Despite progress in prosthetic valve manufacturing and the different types of valves that have appeared in the last two decades, the ideal replacement valve is yet to be found. Stentless aortic bioprosthetic valves were introduced to overcome some of the disadvantages of stented valves, particularly to improve hemodynamics, by increasing the effective orifice area, and to increase durability. Despite some enthusiasm, the greater technical demands of implanting stentless aortic valves have favored the widespread use of stented valves, leaving stentless valves with advantages in patients with a small aortic root or impaired left ventricular function, in whom the better hemodynamics of the stentless valve may result in better long-term results.1
The study by Andrade et al.2 published in this issue of the Journal describes the short- and medium-term outcomes of Freedom Solo and Solo Smart stentless aortic valves in a single-center experience. The authors present a retrospective cohort involving 345 patients regardless of primary indication for surgery or concomitant procedures. The perioperative results were good, as was the hemodynamic performance of the valve at six months, as demonstrated by the low mean gradient and large effective orifice area, and also reflected in the low incidence of patient-prosthesis mismatch. Concerning long-term follow-up, the high survival and low rate of structural valve degeneration and endocarditis are encouraging, although a period longer than six years is warranted to confirm these expectations. As pointed out by the authors, the results are similar to previously published findings,3,4 and may suffer from selection bias that could affect comparisons with stented bioprostheses.

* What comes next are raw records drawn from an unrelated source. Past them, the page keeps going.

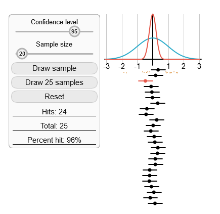 This post goes into some of the theory behind confidence intervals and points you to a great interactive tool for understanding them.
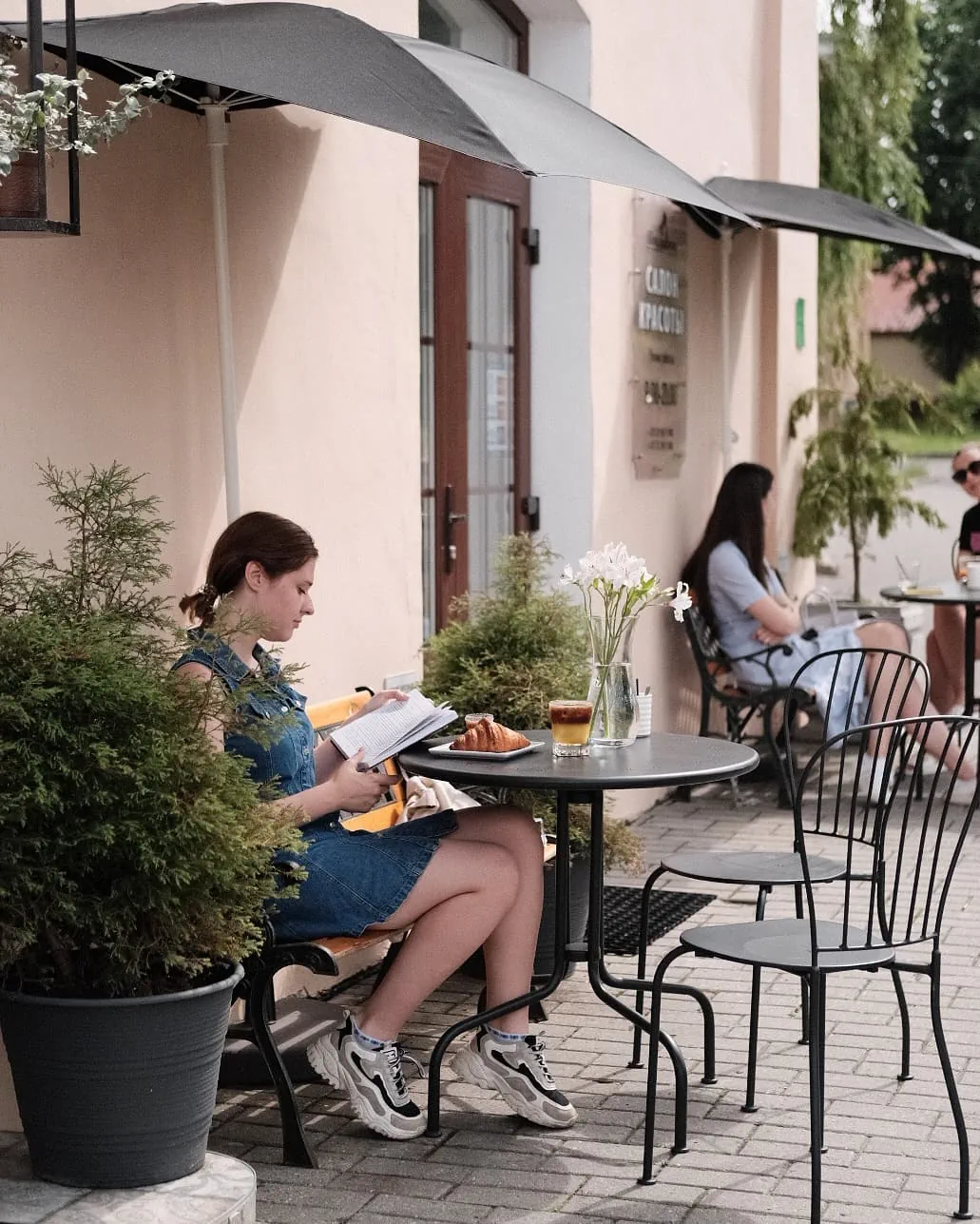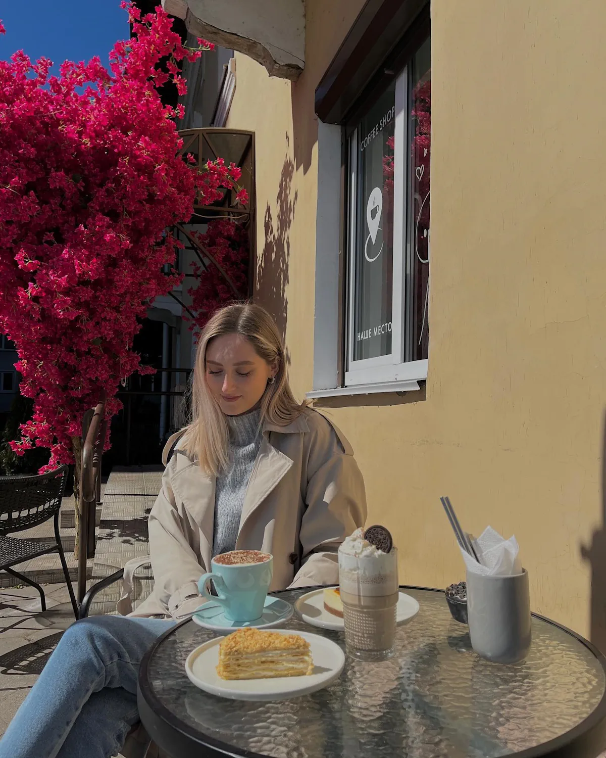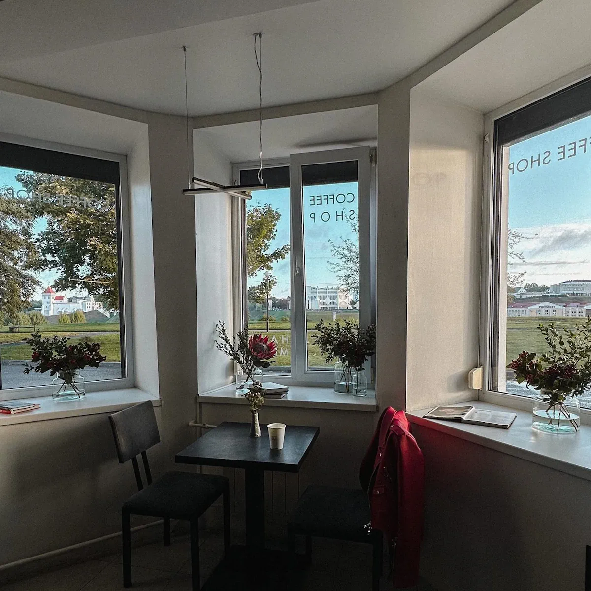 Тут вы знойдзеце аўтарскую каву і гарачы шакалад, а таксама летнія халодныя напоі і ліманады. Прапануюць таксама круасаны, тварожнікі, пірожныя і тарты. Выгляд з акна – на пешаходную вуліцу Савецкую.
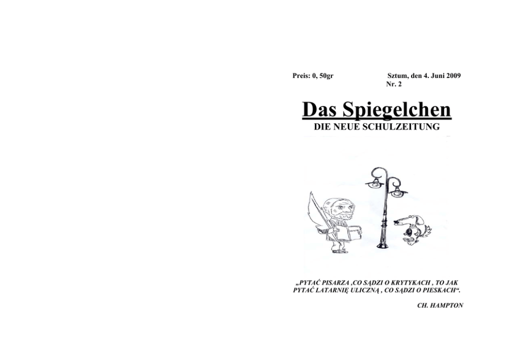 Preis: 0, 50gr Sztum, den 4. Juni 2009 Nr. 2 Das Spiegelchen DIE NEUE SCHULZEITUNG „PYTAĆ PISARZA ,CO SĄDZI O KRYTYKACH , TO JAK PYTAĆ LATARNIĘ ULICZNĄ , CO SĄDZI O PIESKACH“. CH. HAMPTON HALLO ! Wir freuen uns unheimlich , dass unsere Schulzeitung in der ersten Ausgabe so vergriffen war. In der heutigen Ausgabe gibt es wieder viele interessante Texte und sogar eine Überraschung für unsere LeserInnen. In jedem Exemplar findet ihr eine aus dem vierzehnten Jahrhundert stammende Münze – natürlich ist das nur eine Nachahmung. Ist das nicht super? In dieser Schulzeitung gibt es auch ein Interview mi unserer Abiturientin, Leserbriefe, kurze Interviews mit unseren lieben Lehrern und viel Unterhaltung. Und das alles fast kostenlos! Jeder kann sich so eine interessante Schulzeitung leisten . Viel Spaβ beim Lesen. Eure Redakteurinnen Aleksandra Wróblewska und Bogusława Stankiewicz INTERVIEW MIT UNSERER ABITURIENTIN MAGDALENA KAMROWSKA B.S. –Magda, du hast gerade das Abitur abgelegt. Wie hast du dich darauf vorbereitet, das Abitur möglichst gut abzulegen? M.K. –Na ja….Ich habe wirklich viel gelernt . Sowohl In der Schule als auch zu Hause . Etwa drei Stunden täglich, und das hat mir echt viel gegeben . Redaktion *** Das Schuljahr ist wieder so schnell vorbei. Wir sind wieder frei für zwei Monate! Nur noch die Zeugnisse und die Sommerferien sind da! Wir wünschen Euch schöne Tage und gute Erholung ! Kommt gut in die Schule zurück! Tschüs !!! Ich habe das Gefühl gehabt, dass ich gut vorbereitet bin. Ich habe auch Nachhilfestunden in Deutsch genommen und auch an zusätzlichen Deutschstunden teilgenommen . LESERBRIEFE Die erste Nummer der Schulzeitung hat mir sehr gefallen. So weiter! Ich warte auf die nächste Ausgabe! Basia, kl I *** B.S. – In welchen Fächern hast du das Abi abgelegt ? M.K.- Also…. In Deutsch (Aufbaustufe ), in Englisch ( Grundstufe ), in Erdkunde und natürlich in Polnisch auch Aufbaustufe. B.S.- Und wie hast du dich kurz vor dem Abi gefühlt ? Wirklich eine gute Idee, aber ich möchte mehr Artikel über Sport in der Schule lesen. Mir hat es das Kreuzworträtsel gefallen . Es könnte auch mehr Witze geben ! M.K.- Schrecklich ! Ich habe riesige Angst gehabt. Beinahe wäre ich in Panik geraten. Ich bin sehr nervös und aufgeregt gewesen. Na ja, aber mit der Zeit habe ich Stress überwunden. B.S.- Magda, und was möchtest du studieren? Tomek, kl. II *** Ich bin Abiturientin und “Das Spiegelchen “ hat mir beim Lernen geholfen. Interessante Artikel und Äuβerungen. Ich gratuliere der Redaktion der tollen Ideen und ich wünsche viel Erfolg☺ Marta, kl. III *** M.K.- Germanistik natürlich!!! B.S.- Also viel Spass und Glück beim Studium und ich bedanke mich bei Dir für das Gespräch. M.K.- Ich bedanke mich auch und ich wünsche allen LeserInnen schönen und spannenden Sommer B.S. KRZYŻÓWKA WAKACYJNA DZIEŃ OTWARTY 2009r. Dnia 27.04. w naszej szkole odbył się Dzień Otwarty, który jest już od kilku lat stałą atrakcją. W tym roku uczniowie klas pierwszych i drugich mieli za zadanie przygotować prezentacje określonych profili, które będą wprowadzone lub kontynuowane w następnym roku szkolnym. Uczniowie z gimnazjów w Sztumie, Dzierzgoniu, Starym i Nowym Targu mieli okazję obejrzeć, przy okazji zwiedzania historycznego „Kasprowicza”, ciekawie zaprezentowaną ofertę naszej szkoły. Zeszłoroczny wachlarz profili został w tym roku powiększony o kilka pozycji. Humaniści chętnie zbierali ulotki klas o profilach prawniczym i psychologicznym, a uczniowie interesujący się naukami ścisłymi mogli dowiedzieć się sporo na temat klasy ekonomicznej, promedycznej, informatycznej czy fizycznej. Ciekawą pozycją okazał się tzw. profil klasy europejskiej, który przyciągnął uwagę zarówno przyszłych językowców, jak i osób niezdecydowanych. Ten ostatni profil szczególnie polecamy my – Wasza redakcja. Gimnazjaliści w kolejnych gabinetach mogli zasięgnąć szczegółowych informacji o szkole od nauczycieli oraz starszych kolegów. Każdy mógł wziąć również podanie. O atmosferę naukową zadbała klasa prezentująca profil fizyczny, pokazując wiele ciekawych doświadczeń. Klasa promedyczna ostrzegała przed zgubnym nałogiem palenia prezentując humorystyczną scenkę. Prekursorzy dziennikarstwa mogli obejrzeć Sąd Makbeta oraz kabaretowy „program telewizyjny” o walorach naszej szkoły. Swoją wiedzę gimnazjaliści mogli sprawdzić w kilku mini konkursach profilu informatyczno – matematycznego oraz europejskiego. Zdolności logiczne były wzięte pod lupę przez uczniów propagujących profil psychologiczny, zachęcający do rozwiązywania niełatwych ćwiczeń. Przyszli licealiści ciepło przyjęli ofertę zaprezentowaną przez nasza szkołę. Miejmy nadzieję, że pierwszego września spotkamy się z nimi ponownie w murach „Kasprowicza”. Adrian Rzatkowski Uwaga! Odopowiedzi do krzyżówki należy udzielać w języku niemieckim! STILBLÜTEN M.N. Man kann überall was lernen. Man kann andere Leute, fremde Kultur, Sitten und Bräuche kennen lernen. Habt ihr gewusst, dass der gröβte Feiertag in Thailand der Königgeburtstag ist? In der Türkei gehen nur Männer spazieren und der Platz der Frau ist zu Hause. In China ist das laute Rülpsen und spucken bei Mahlzeiten üblich. Interessante Plätze und der Alltag der durchschnittlichen Menschen locken mich. Peking , Istanbul oder Bangkog sind meine Lieblingsplätze. Es gibt auch viele Plätze, die ich noch nie gesehen habe, aber davon erzähle ich Euch nicht . Das ist mein süβes Geheimnis. Einst ist sicher. Es gibt viele Plätze auf der Welt, die sehenswert sind. Ich überrede Euch zu reisen. Nicht unbedingt in ferne Länder. Es gibt auch bei uns in Polen viel zu sehen z.B. Hoche Tatra oder unsere Ostsee. Vielleicht treffen wir uns irgendwann auf der Route. M.J. Ich bedanke mich für das Gespräch und wir warten ungeduldig auf Ihre nächste Ferienerinner

The way to change the paradigm of surgical options and bring about more widespread use of stentless valves is to prove that the more technically demanding, and thus potentially riskier, procedure is more beneficial to patients. In fact, current stentless valves are less demanding to implant, due to the simplified single suture line. Data comparing the Freedom Solo with stented valves have been recently published. Wollersheim et al.5 compared outcomes of the Freedom Solo and the Mitroflow bioprosthetic valve in patients with a small aortic root. Cross-clamp times for isolated replacement procedures were similar, around 80 min, and eight-year survival did not differ between groups, although the stentless valve had an impressive 0% cumulative incidence of aortic valve reoperation at seven years compared to 7.1% for the stented valve. Christ et al.6 compared the hemodynamic performance of the Freedom Solo to that of a stented valve (Labcor Dokimos Plus) and found no significant difference in effective orifice area. Finally, from the same group as the present paper, Cerqueira et al.7 compared the stentless Freedom Solo to the stented Trifecta. In a propensity-matched population, the stented valve showed a better hemodynamic profile, although reverse remodeling and six-year survival were comparable between the groups.
Dealing with small aortic roots, the potential for patient-prosthesis mismatch, and the desire to improve the hemodynamics of bioprostheses have long been concerns of surgeons. Aortic root enlargement to enable placement of a larger prosthesis has also proved to be feasible and effective.8 The sutureless aortic prosthesis recently appeared as an option with apparently excellent hemodynamics, reducing cross-clamp and cardiopulmonary bypass times and facilitating minimally invasive surgery and complex cardiac interventions.9 The exponential growth of transcatheter aortic valve implantation has added this technique to an already complex equation.10 While the data presented by the authors enrich the literature, it is likely that only randomized trials and longer follow-up times can give a clear view of the place of the Freedom Solo stentless aortic bioprosthetic valve in valve replacement surgery.
Conflicts of interestThe author has no conflicts of interest to declare.